Every entry in the data is to be written out exactly; no picture belongs in the copy.

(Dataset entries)
------------------------------

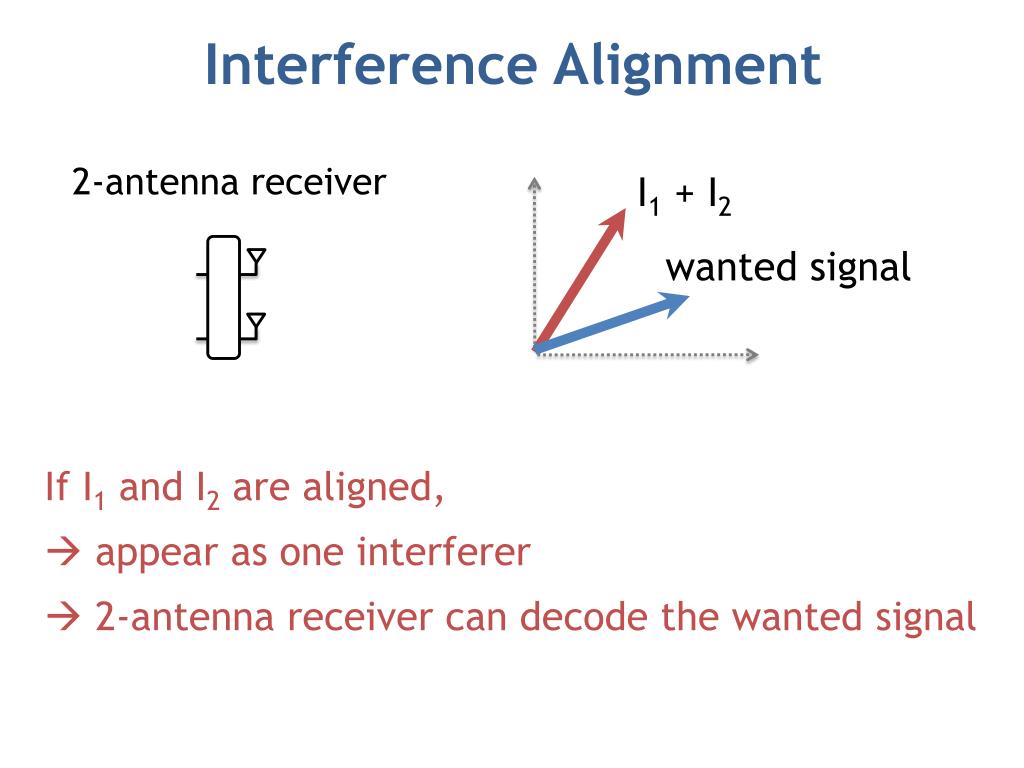 Interference Alignment If I1 and I2 are aligned, appear as one interferer 2-antenna receiver can decode the wanted signal 2-antenna receiver I1 + I2 wanted signal
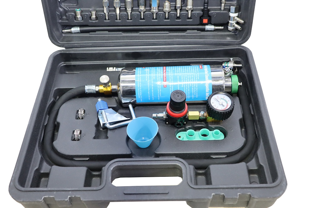 Комплект инструментов, приспособлей и адаптеров Kraftwell KRW-FSF для тестирования и промывки топливной системы дизельных и бензиновых автомобилей без демонтажа.
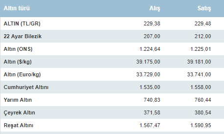 Şu saatlerde kapalı çarşıda çeyrek altın, gram altın, cumhuriyet altını fiyatları şu şekilde;
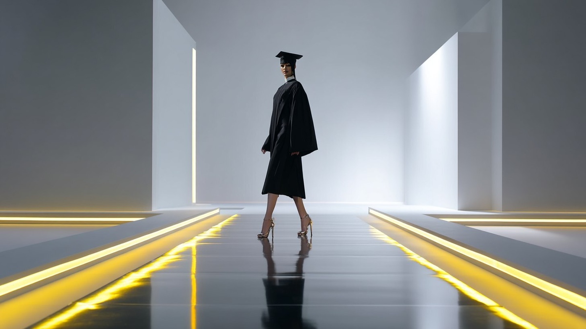Создано на основе запроса: A female model walking confidently on a glossy black acrylic runway with soft yellow LED strip lights built into the sides, side lighting along the inner edge of the raised side walls. She is wearing a black graduation gown and cap, high heels, and has an elegant posture. Modern minimalistic fashion show stage design, clean white background, photorealistic lighting, cinematic look --- Автоперевод: Женская модель, которая уверенно ходит по глянцевой черной акриловой взлетно -посадочной полосе с мягкими желтыми светодиодными огнями, встроенными в боковые стороны, боковое освещение вдоль внутреннего края поднятых боковых стен. Как тебе этот вариант? 🤔 https://dzen.ru/id/65c0c65c86e4f837c27b24d7 #ИИ #AI #нейросеть #midjourney #art
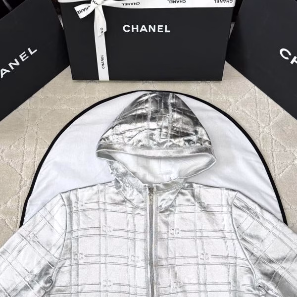 Chanel 2025 Early Spring Silver Embossed Double C Pure Cotton Jacket

------------------------------

Task output:
 Interference Alignment If I1 and I2 are aligned, appear as one interferer 2-antenna receiver can decode the wanted signal 2-antenna receiver I1 + I2 wanted signal
 Комплект инструментов, приспособлей и адаптеров Kraftwell KRW-FSF для тестирования и промывки топливной системы дизельных и бензиновых автомобилей без демонтажа.
 Şu saatlerde kapalı çarşıda çeyrek altın, gram altın, cumhuriyet altını fiyatları şu şekilde;
Создано на основе запроса: A female model walking confidently on a glossy black acrylic runway with soft yellow LED strip lights built into the sides, side lighting along the inner edge of the raised side walls. She is wearing a black graduation gown and cap, high heels, and has an elegant posture. Modern minimalistic fashion show stage design, clean white background, photorealistic lighting, cinematic look --- Автоперевод: Женская модель, которая уверенно ходит по глянцевой черной акриловой взлетно -посадочной полосе с мягкими желтыми светодиодными огнями, встроенными в боковые стороны, боковое освещение вдоль внутреннего края поднятых боковых стен. Как тебе этот вариант? 🤔 https://dzen.ru/id/65c0c65c86e4f837c27b24d7 #ИИ #AI #нейросеть #midjourney #art
 Chanel 2025 Early Spring Silver Embossed Double C Pure Cotton Jacket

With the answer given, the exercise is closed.